» **Provided information**
————

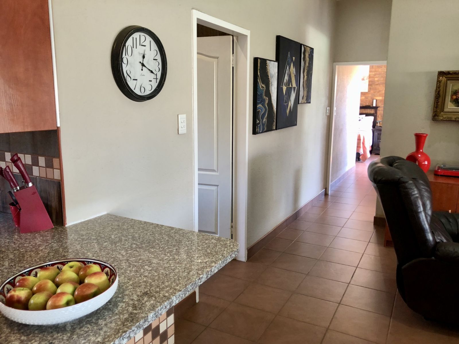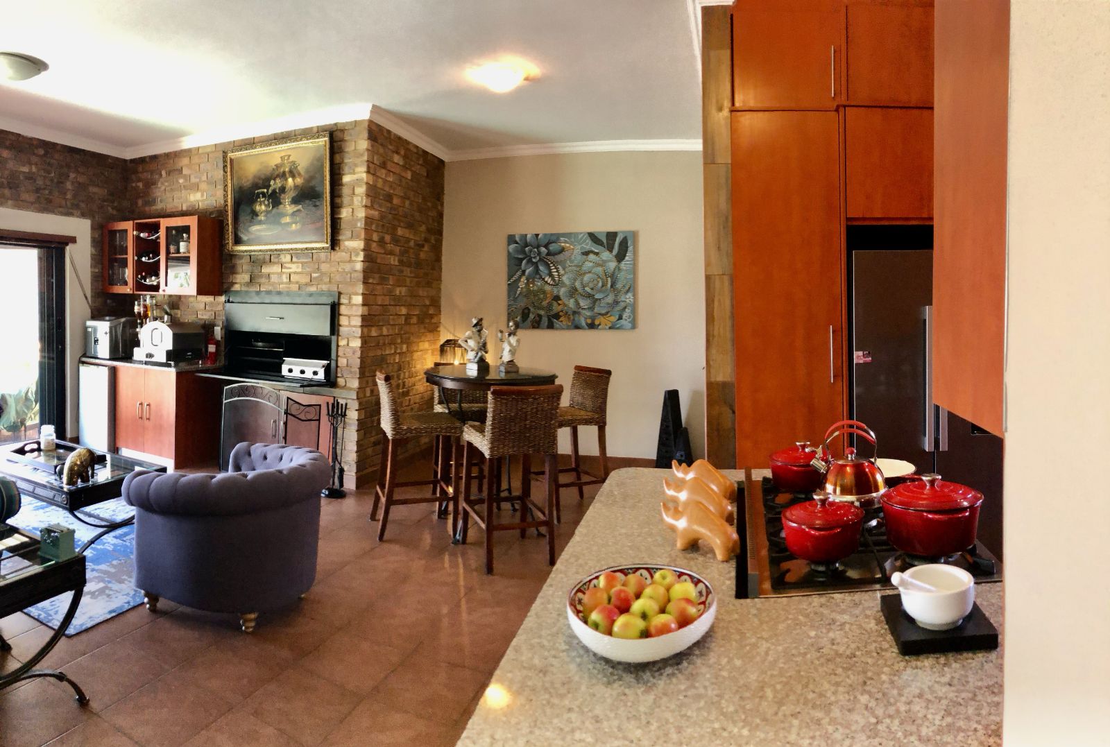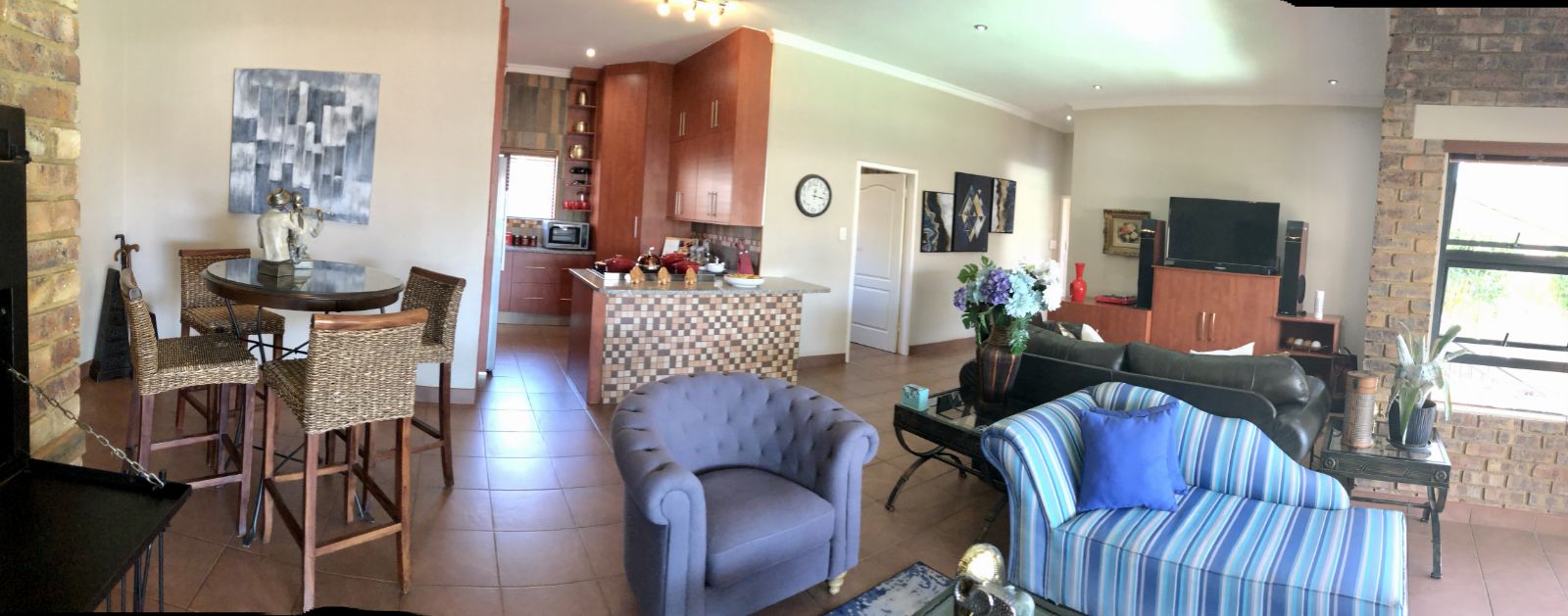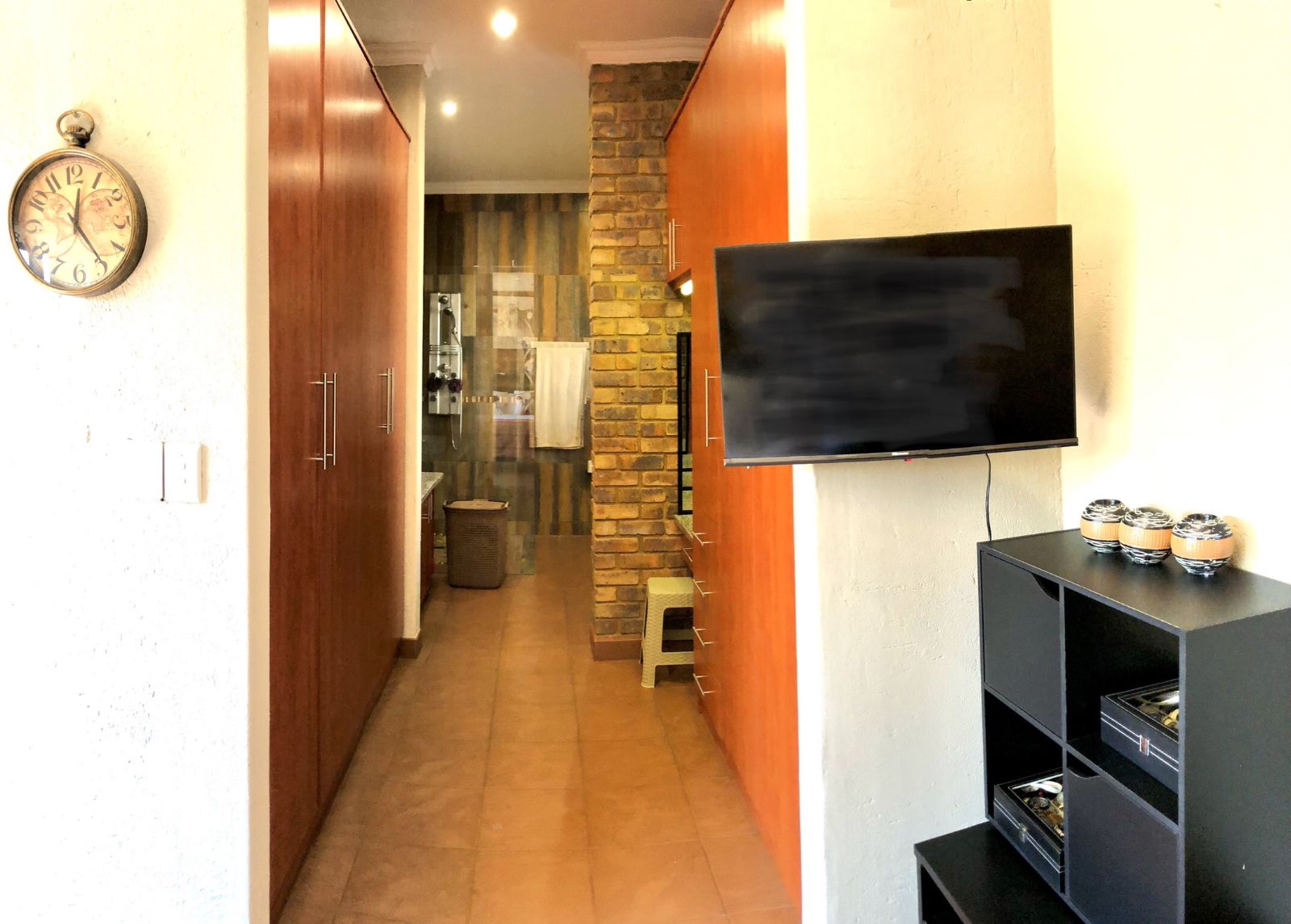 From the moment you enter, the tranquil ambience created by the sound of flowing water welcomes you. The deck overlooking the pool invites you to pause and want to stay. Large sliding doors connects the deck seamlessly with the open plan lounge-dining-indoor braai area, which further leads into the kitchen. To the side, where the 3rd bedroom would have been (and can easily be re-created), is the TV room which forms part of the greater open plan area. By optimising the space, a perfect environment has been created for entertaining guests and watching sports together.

————

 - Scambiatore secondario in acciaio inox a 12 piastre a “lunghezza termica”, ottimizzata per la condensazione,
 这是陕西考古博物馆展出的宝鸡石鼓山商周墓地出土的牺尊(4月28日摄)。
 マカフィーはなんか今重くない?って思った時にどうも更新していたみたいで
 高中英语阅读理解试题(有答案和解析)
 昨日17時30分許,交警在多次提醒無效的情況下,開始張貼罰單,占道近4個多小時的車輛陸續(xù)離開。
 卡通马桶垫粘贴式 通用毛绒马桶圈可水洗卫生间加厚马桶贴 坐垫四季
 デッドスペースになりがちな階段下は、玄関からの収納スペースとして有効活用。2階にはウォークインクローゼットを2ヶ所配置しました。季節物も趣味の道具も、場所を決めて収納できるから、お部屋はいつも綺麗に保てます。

————

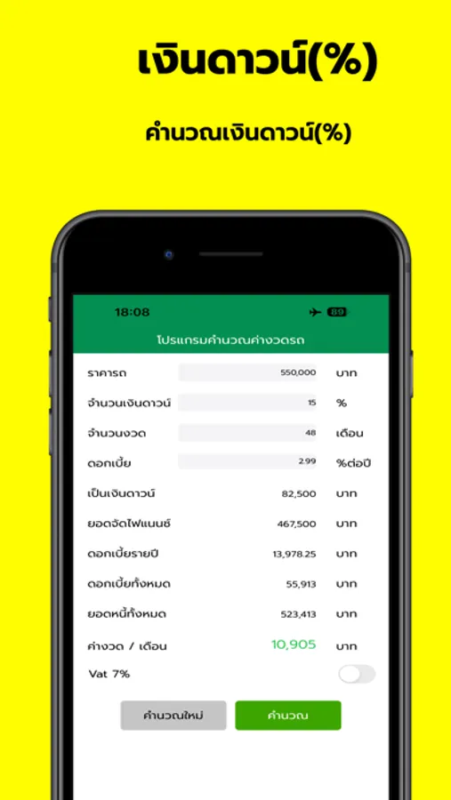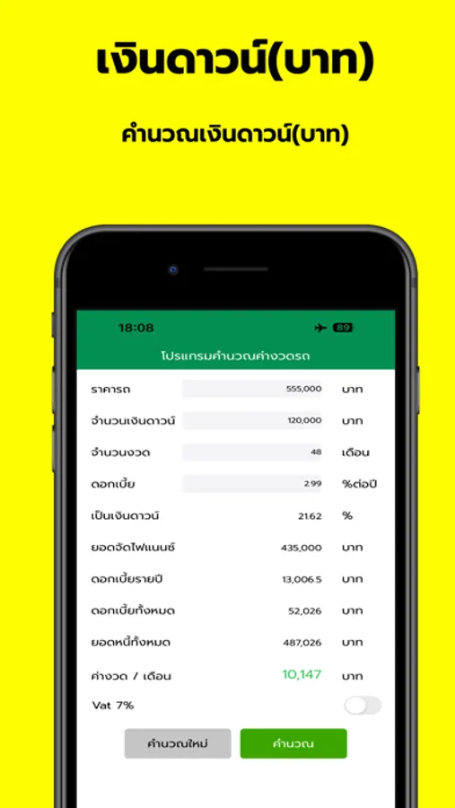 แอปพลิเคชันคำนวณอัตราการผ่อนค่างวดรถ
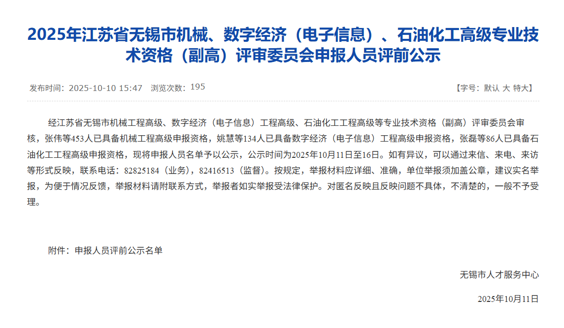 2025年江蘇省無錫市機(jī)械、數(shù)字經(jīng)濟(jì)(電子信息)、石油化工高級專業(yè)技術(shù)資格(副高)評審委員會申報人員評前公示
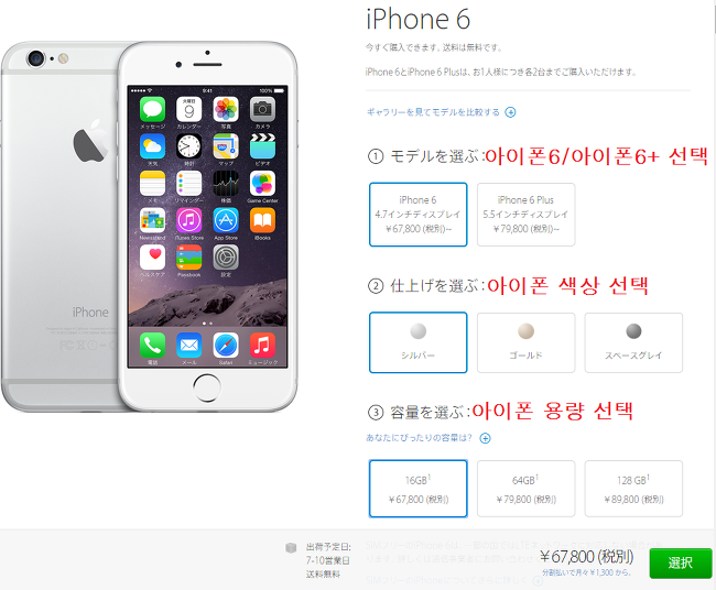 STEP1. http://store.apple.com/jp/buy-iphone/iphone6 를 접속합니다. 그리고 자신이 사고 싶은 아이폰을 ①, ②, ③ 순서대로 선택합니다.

————

» **Goal of the exercise**
Once you find the line with "マカフィーはなんか今重くない?って思った時にどうも更新していたみたいで" in the entries above, output it and each line after it up to and including the line with "デッドスペースになりがちな階", and nothing else.

» **Written response**
 マカフィーはなんか今重くない?って思った時にどうも更新していたみたいで
 高中英语阅读理解试题(有答案和解析)
 昨日17時30分許,交警在多次提醒無效的情況下,開始張貼罰單,占道近4個多小時的車輛陸續(xù)離開。
 卡通马桶垫粘贴式 通用毛绒马桶圈可水洗卫生间加厚马桶贴 坐垫四季
 デッドスペースになりがちな階段下は、玄関からの収納スペースとして有効活用。2階にはウォークインクローゼットを2ヶ所配置しました。季節物も趣味の道具も、場所を決めて収納できるから、お部屋はいつも綺麗に保てます。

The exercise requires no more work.